Indeed, and they show no signs of slowing down. Their next generation core Nehalem (which has already been publically displayed by Intel over a year before launch) seeks to bring eight cores, 16-way SMT, on-die memory controller and the elimination of the FSB to be replaced with a serial interconnect similar to Hyper Transport. Overnight they will eliminate any trace of AMD advantage that is left (meager as it might be).Durandal wrote: Even when Intel was on top of the speed wars, they never had an architecture that was so cradle-to-the-grave as Core. Intel has one architecture that annihilates the mobile competition in terms of performance per Watt, outperforms AMD's best offerings on the desktop and still has plenty of room to grow.
What Intel's got right now is basically a perfect storm. They have the clearly superior architecture, gigantic amounts of money to keep that architecture going and the fab resources to pump them out and take advantage of economies of scale. It's kind of a shame that they're doing so well at systematically destroying the competition, because that means no more CPU wars.

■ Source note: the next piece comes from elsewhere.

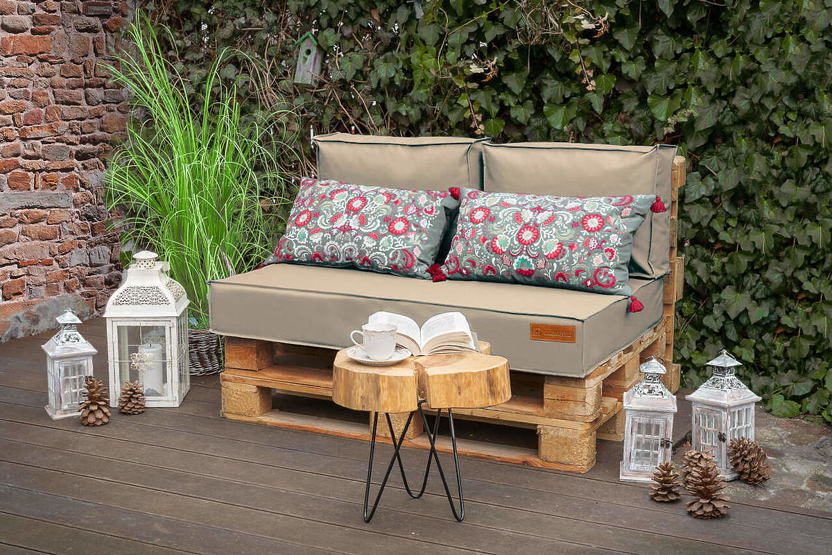 L'ensemble de coussins beige pour meubles en palette est un excellent choix pour améliorer facilement l'assise sur la terrasse, le balcon ou dans le jardin. Idéalement préparé pour les dimensions de l'Europalette. La technologie de couture spéciale assure la résistance aux UV et à l'eau du matériau, grâce à quoi le matériau reste solide et ne se décolore pas.

Furthermore, these are only the details about Nehalem that we know about at this point, which are still not complete. Rumors of an integrated GPU (derivative of the Larrabee x86 graphics processor) and more are swirling about along with further advancements to the hardware virtualization system.
Heck, Intel even recently signed a MOU with Rambus to potentially license XDR, which would give them a serious boost in memory technology (Rambus may have been a bust for the P4, but the technology is still very sound, especially in the XDR variety).